Above we mentioned that the appraiser is going to be concerned with the VA’s timeliness requirements. These requirements simply state that the appraisal needs to be done as promptly as appraisals for conventional loans are done in that area, and exceptions can be made if there are extenuating circumstances. Either the seller or you as the buyer will need to make yourself available to at least let the appraiser into the home, and likely walk around with him/her. In this way, the timeliness requirements affect you directly, because the appraiser is going to want to conduct the onsite portion of the appraisal as soon as possible.
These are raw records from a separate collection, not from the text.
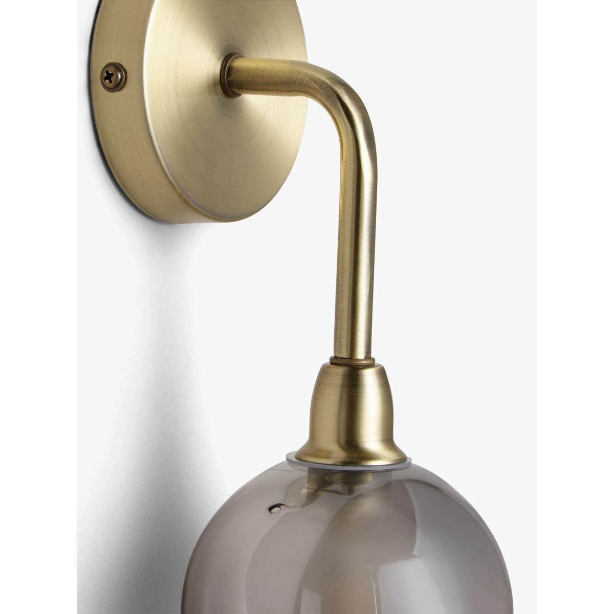 Sleek and understated, our single arm Huxley wall light is ideal for illuminating hallways or installing on either side of your bed. The antique finished metal gives the design a nostalgic, Art-Deco inspired feel, and teamed with a smoked glass shade, it provides an ambient wash of light.
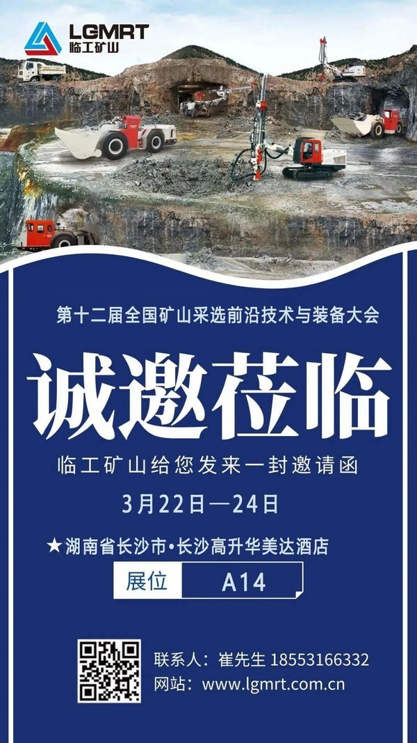 全国矿山采选前沿技术与装备大会已成功举办11届,参会人数总计超5000人,优秀设备厂商参展超200家,是国内矿山行业为数不多、学术氛围浓厚、知名度较高的学术会议之一,“第十二届全国矿山采选前沿技术与装备大会”将于2023年3月22—24日在湖南长沙召开。南宫NG·28(中国)相信品牌力量矿山作为国内优秀的岩石开挖与铲运设备供应商,亦受邀参加本次会议。我们期待与您相聚在星城—长沙,分享我们关于大力推进绿色矿山建设的全套解决方案。
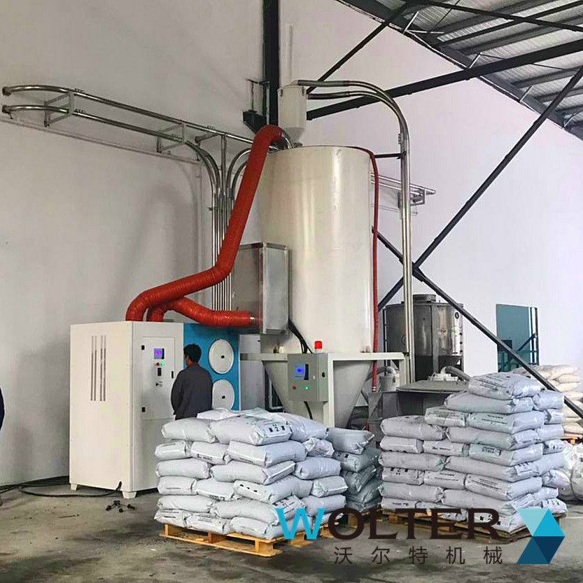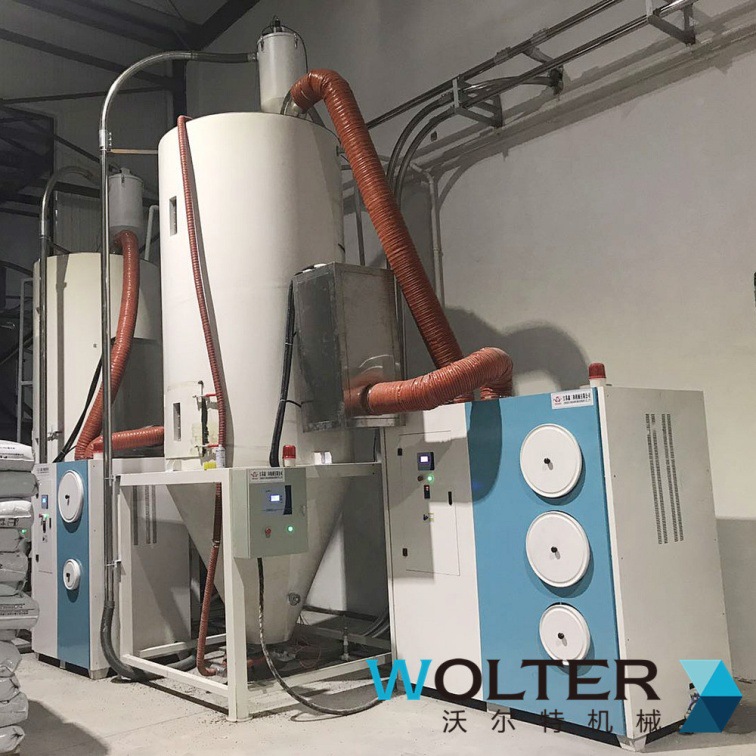 沃尔特公司专门研发了集中高效除湿干燥解决方案【Desert-plus】系列,设计出完全处于密闭循环状态的管路,不会接触到外界空气中的水分,同时分子筛和封闭的再生技术将管路中的干燥空气露点温度降低至-45℃--60℃(露点是空气中的水蒸气变为露珠时候的温度),低露点空气不仅可以塑料表面的水分得以蒸发并带走,而且还能去除塑料分子内部的结晶水,达到快速降低原料内部含水量的目的。
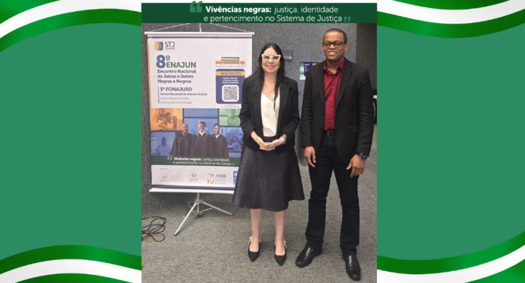 #PraTodosVerem: A imagem mostra duas pessoas posando para a foto em frente a um banner do 8º ENAJUN e 5º FONAJURD, eventos realizados pelo STJ. Ao fundo, vê-se o painel do evento, e o banner destaca informações sobre o encontro. Ambos estão vestidos de forma formal e sorriem levemente para a câmera.

Be prepared to do some scheduling-yoga to make time if need be.

 

The VA does not allow appraisals to be conducted on homes that don’t look like it’s going to be eligible for the appraisal. Your lender is going to work with you on some preliminary things before the appraisal will be requested. You have probably already walked around the house if you’re at the point where you’re thinking about the appraisal, so you’ll want to familiarize yourself with the VA Minimum Property Requirements and walk around again and see if there is anything obvious that would make the property ineligible for appraisal.

 

On a final note, it would be smart to ask the seller or agent why the home is priced at what it is, because the VA appraisal is not allowed to make an “accommodation” for the sale price. In fact, if an appraiser make a value determination that is not based on recognized appraisal practices in order to accommodate the sale price is going to result in disciplinary action by the VA.